I wasn’t so confident by the time Friday came around. I stumbled through the screen test, fluffing my lines, sweating with fear despite all Stanley’s help and Cy’s patience. At last we were done and I stumbled up the steps and set out to spend the weekend getting completely wasted before hearing the result on Monday morning. What I hadn’t bargained on was bumping into Cy Endfield at a party on Saturday night. He seemed to be avoiding my eye. It didn’t look like good news. Nonetheless, while he was still at the party I did my best to remain sober. Just as he was about to go, he finally came over to me. ‘I’ve seen the test,’ he said, ‘and you were appalling.’ I swallowed. It was going to be hard to bounce back from this one. ‘But you’ve got the part,’ he went on. ‘We go to South Africa in three weeks.’ I gaped at him. ‘Why did you give me the part if the test was so bad?’ I asked. ‘I don’t know, Michael,’ he replied. ‘I really don’t know – but I think there’s something there . . .’ He walked away and I threw up all over my shoes.

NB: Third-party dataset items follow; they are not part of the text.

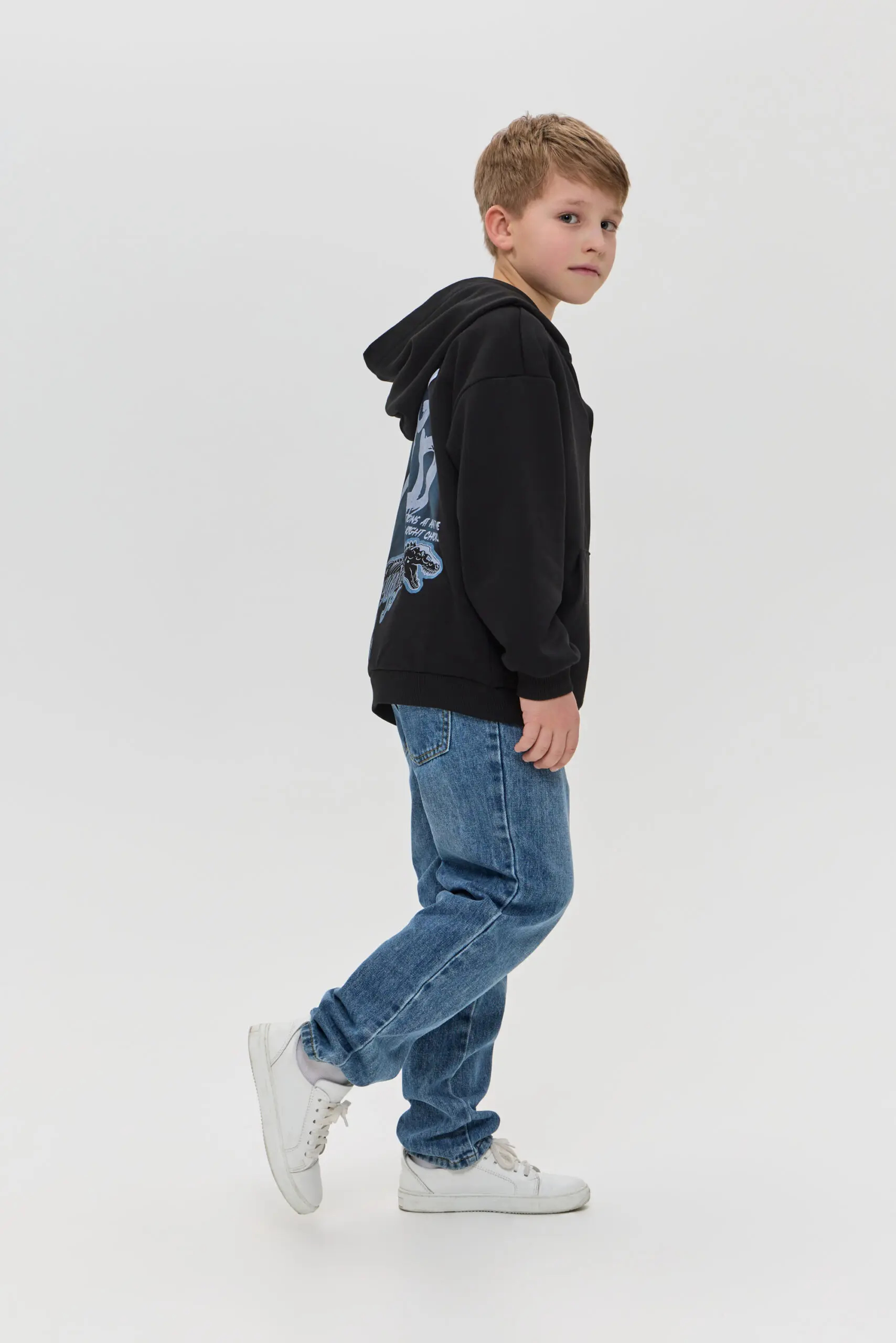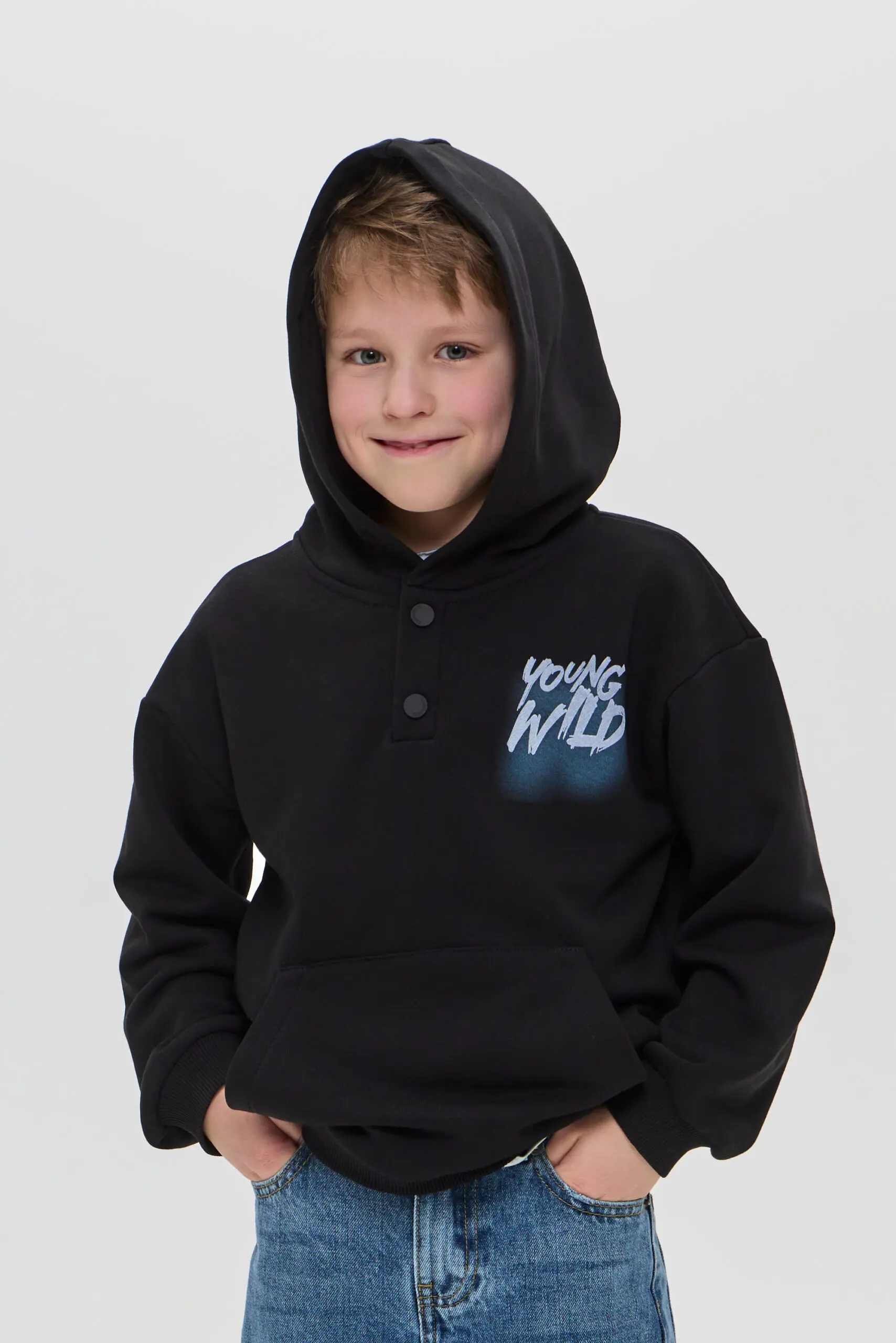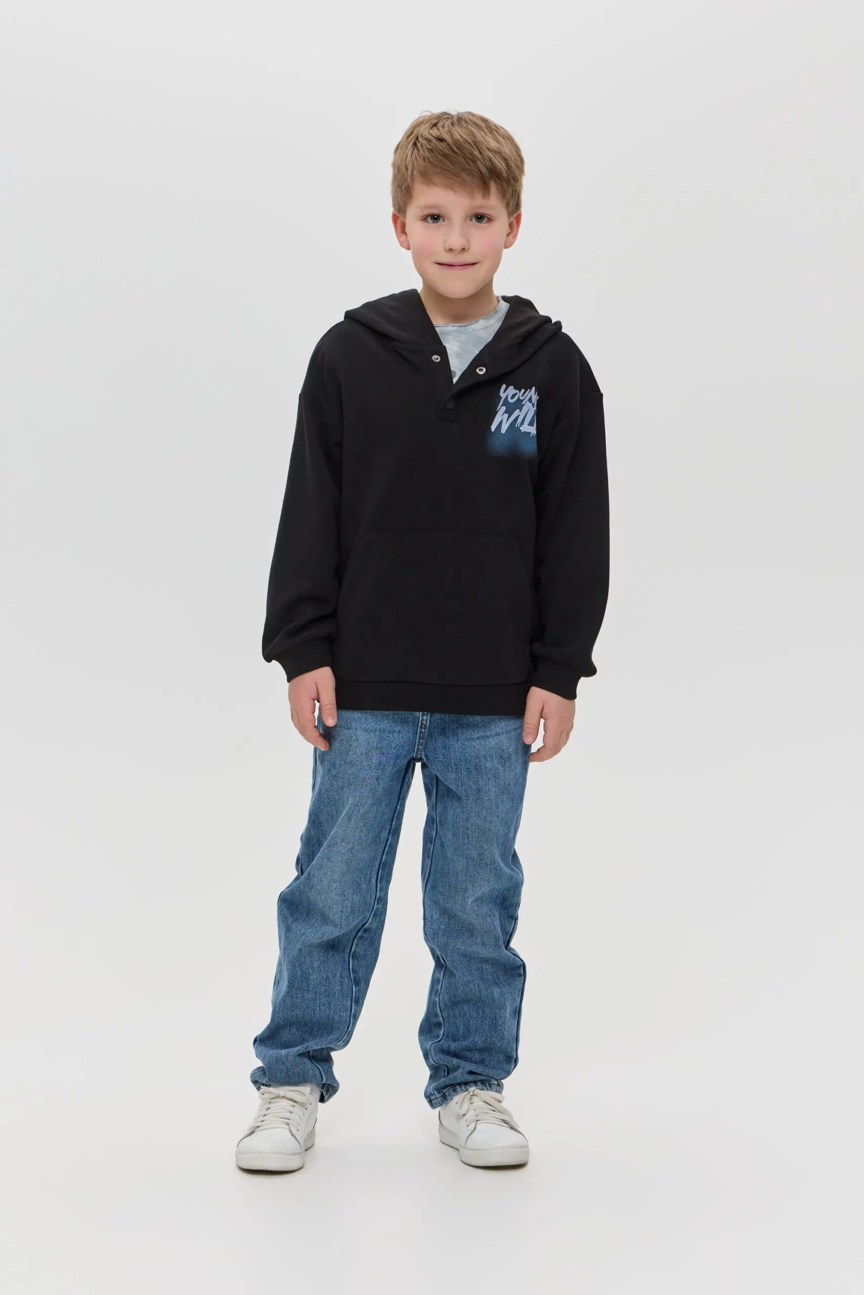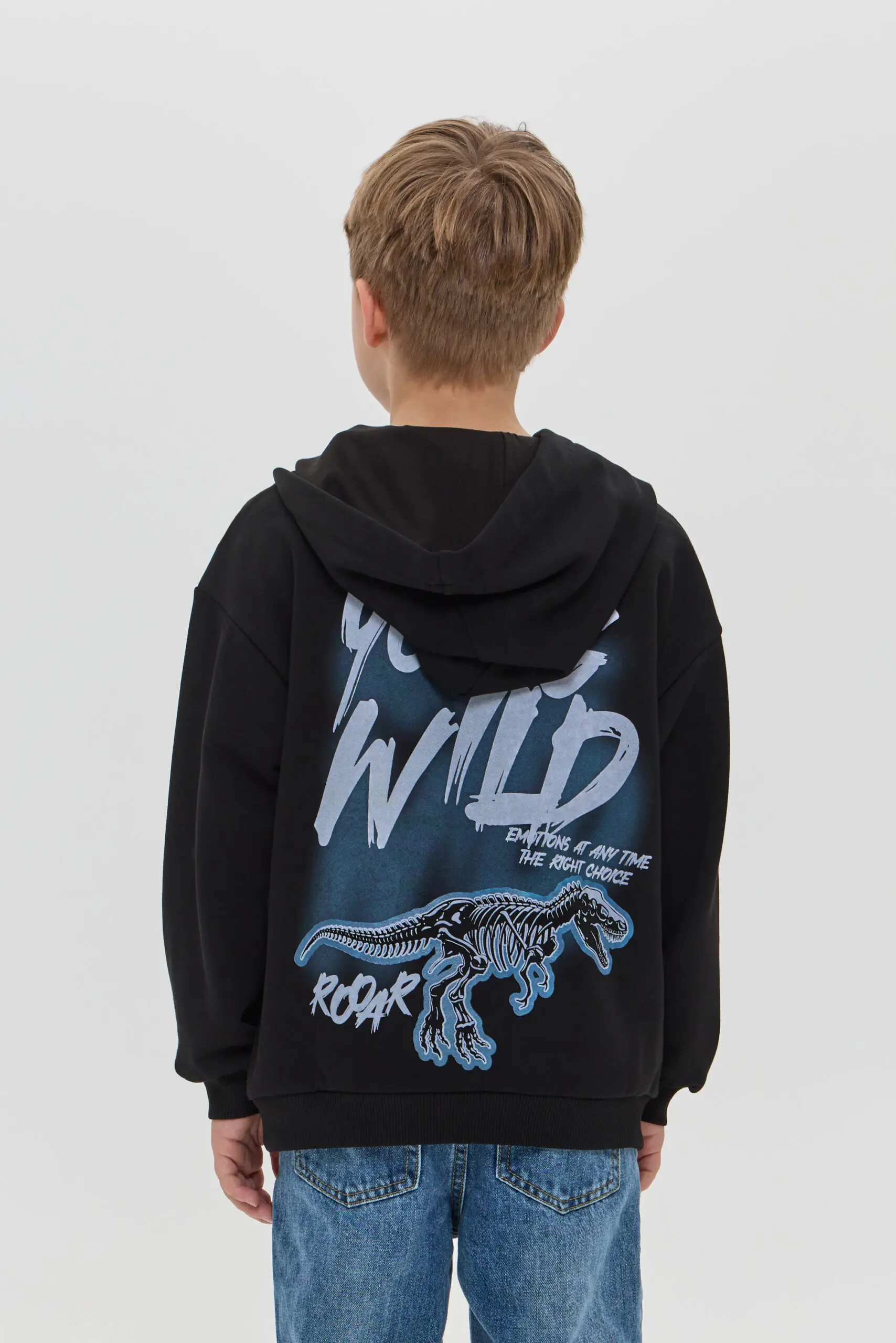 Детское худи оверсайз выполнено в базовом черном цвете — идеальный выбор для создания стильного и комфортного образа. Удобный крой не сковывает движений, что особенно важно для ... активных детей. Худи оснащено просторным капюшоном, который не только добавляет уюта, но и защищает от ветра и холода. На спине размещен крупный принт, который привлекает внимание. Мягкий и приятный на ощупь материал гарантирует комфорт в носке, а также легкость в уходе.
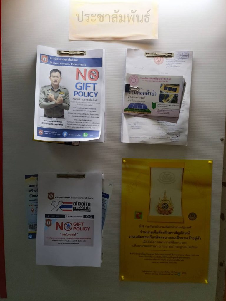 ๑. ห้ามมิให้ข้าราชการตำรวจในสังกัดสถานีตำรวจภูธรโพธิ์แก้วทุกนาย เข้าไปมีส่วน เกี่ยวข้องในการให้ หรือรับสินบนทุกรูปแบบไม่ว่าทางตรงหรือทางอ้อม
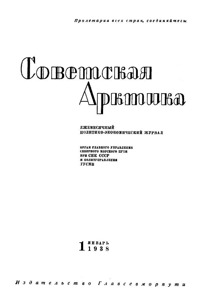 Журнал "Советская Арктика", ГУСМП, 1938, №1
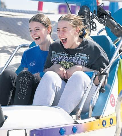 GOOD TIMES: Left, Gabrielle Purchase and Melody Chilton enjoy the Matterhorn ride. Right, Mitchell and Lucinda Smith with their champion white suffolk at the Horsham Show on Sunday.
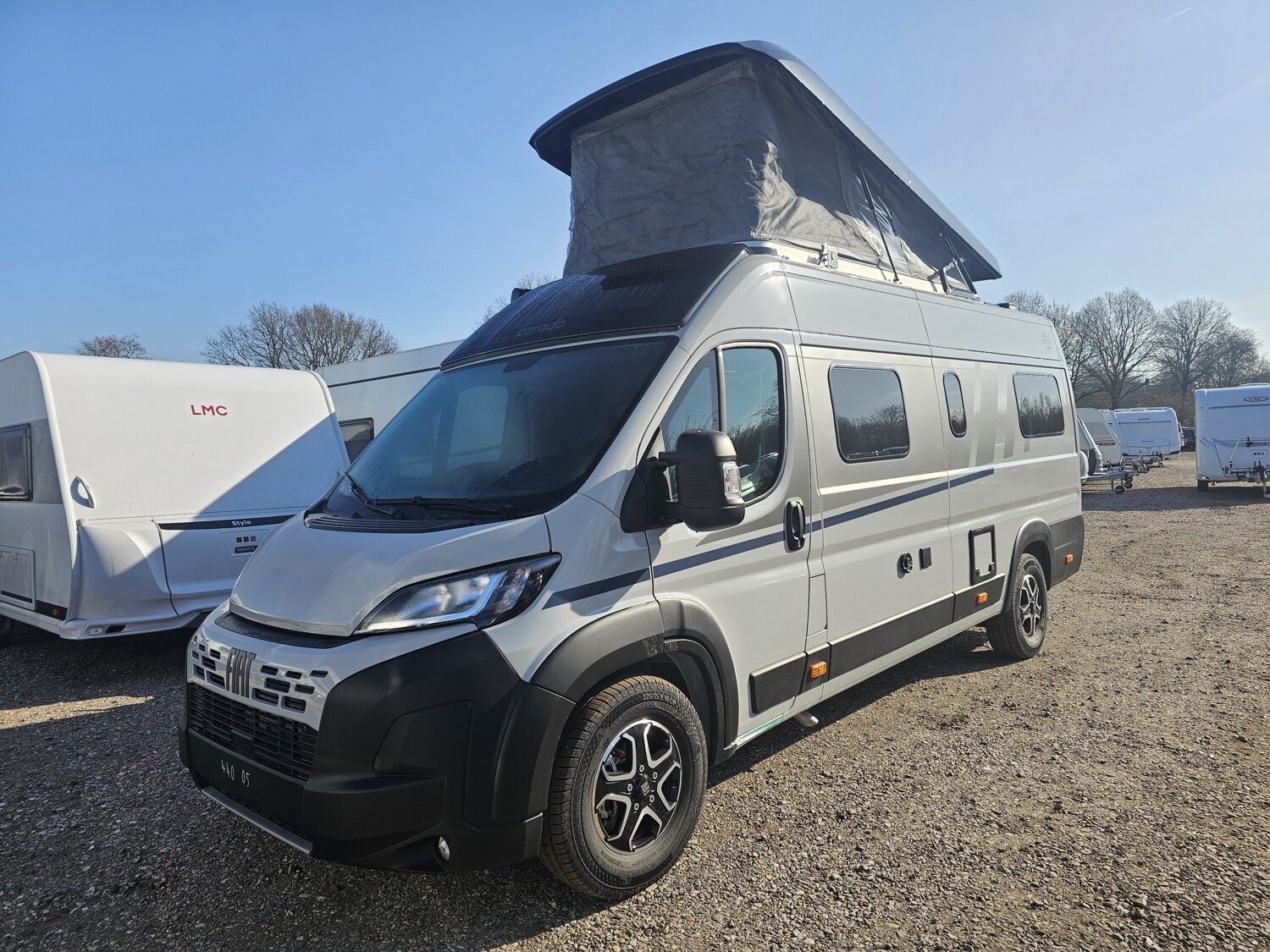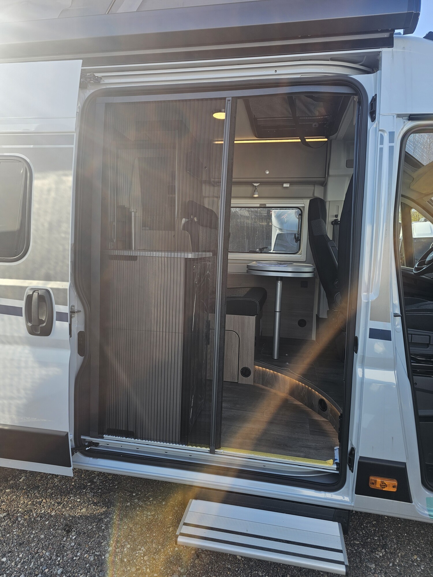 - pro+ Paket CV640+ Modell 2025 (Optik Paket 1 (Stoßfänger lackiert, Skid-plate glänzend Schwarz, Nebelscheinwerfer) // Optik Paket 2 (Lenkrad & Schaltknauf in Lederausführung, Armaturentafel mit Applikationen (Techno-Trim), 16" Alufelgen Bi-Color)// Dieseltank 90 l // Basic Paket (Dachhaube Midi- Heki 70 x 50 cm über Sitzgruppe, Duschausstattung (Brausekopf ausziehbar, Duschvorhang, Führungsschiene, Brausehalter), Fenster im Bad, Kleiderstange in der Nasszelle, Breite Einstiegsstufe, Drehplatte für Tischerweiterung an der Sitzgruppe) // Faltverdunkelung Fahrerhaus // Rahmenfenster // Markise 4 m (schwarz) // Beklebung pro+ // LED-Beleuchtung integriert über den Dachschränken // Panoramafenster über Fahrer- und Beifahrersitz // Heckdachstauschrank umlaufend)

I had been a private in the army and I had my own experiences of a certain Lieutenant from the Queen’s Royal Regiment to draw on for the characterisation of Gonville Bromhead. The man was, to put it bluntly, a complete arse – very pompous and very posh. He wasn’t a stupid man, he just had the attitude that we were the ‘little people’ who had to be dealt with and he was simply born to rule us. It wasn’t personal on either side, but my encounter with him and others like him certainly fostered my loathing of class prejudice and I was delighted to be able to get my own back.